The Confederacy itself embodies our ability to unify a wide variety of disparate interests. We normally attribute this to the evolution of democracy and the parliamentary system, a supreme achievement of Western civilization.

But the Iroquoian Confederacy, a political organization made up of five distinct Native societies (later six), had a profound influence on the American and Canadian systems of government. Paula Gunn Allen reminds us that we inherited slavery and the vote of the male owners of European democracies.

In the Treaty of Lancaster in 1744, Canasatego, an Iroquois chieftain, spoke on behalf of the Iroquois: “We are a powerful confederation and if you observe the same methods our ancestors have adopted, you will acquire new strength and power.”

In the audience was a young Benjamin Franklin, later a co-author of the American constitution. He recognized in his writings the influence of this confederation: “It would be very strange if Six Nations of ignorant savages were able to form a plan for such a union …”

But they formed such a union. The symbol of the Iroquois Confederacy was an eagle with five arrows in its talon, one for each of the Iroquois nations.

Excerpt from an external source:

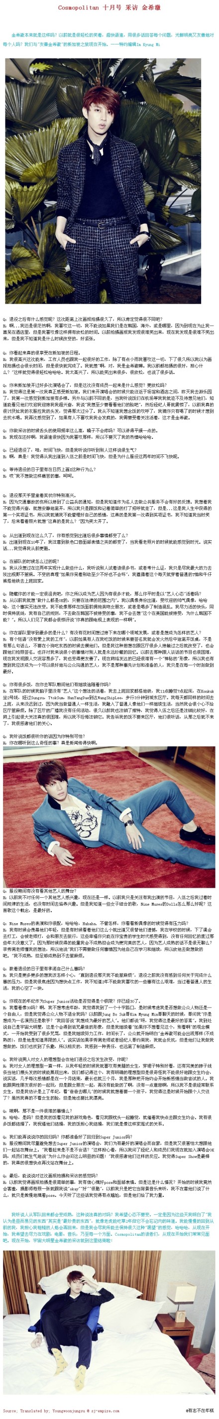 ┣130923★消息┫Cosmopolitan 十月号 采访 金希澈 翻译

The symbol of American independence was an eagle wielding thirteen arrows, one for each of the thirteen colonies.

The American confederation adopted the Iroquois system of different branches of executive, legislative, and judicial government, and both Canada and the US instituted the single Iroquois system of three levels of government: local or municipal, state or provincial, and federal.

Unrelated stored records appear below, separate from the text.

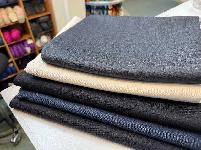 Bomuldsjersey, isoli, fastvævet viscose, hør, poplin, fastvævet bomuld, fleece, gauze og fløjl
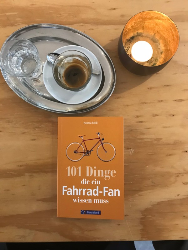 Auf einen Espresso mit Andrea Reidel Die Mittagspause näherte sich dem Ende und eigentlich wollte ich nur noch schnell einen Espresso trinken. Vorher jedoch noch kurz in den Buchladen. Eigentlich kenne ich zwar alle Fahrradbücher, aber vielleicht gibt es doch noch das 100ste-Buch zum Thema. Und richtig, da lag ein schmaler Band, den ich... Continue Reading →
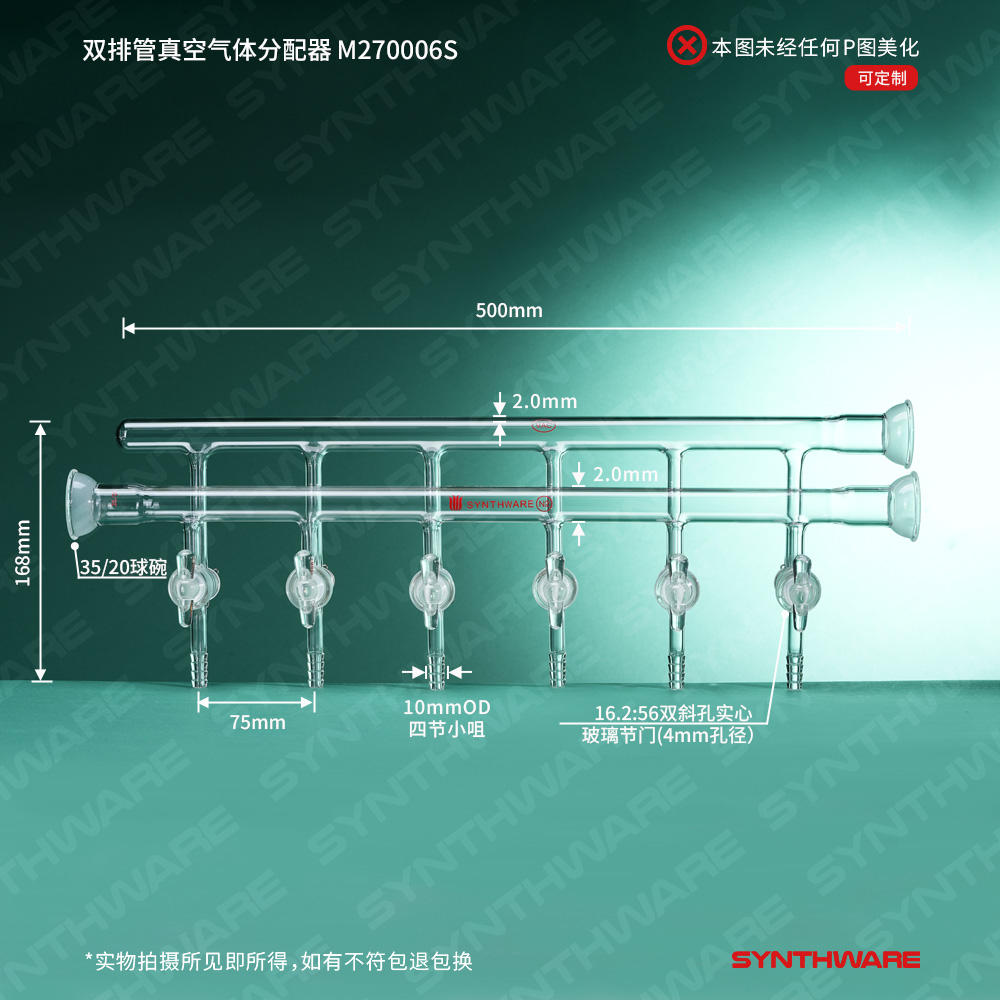 双排管真空气体分配器,实心玻璃节门,6,525mm,3球碗,左右前右后 M270006S

By adopting this Iroquois model, Canada was able to reconcile the many conflicting and divergent regional and cultural interests and create and maintain a confederation that more democratically represented the Canadian people. The fusion of the federal system and the parliamentary system is a unique Canadian approach to democracy.

Indeed, the roots of our identity are tangled and knotted, but it is comforting to realize the extent to which First Nations have contributed to our unique Canadian culture. But it is less significant to untangle all the roots to determine their precise origins than to realize that they are part of an integrated whole.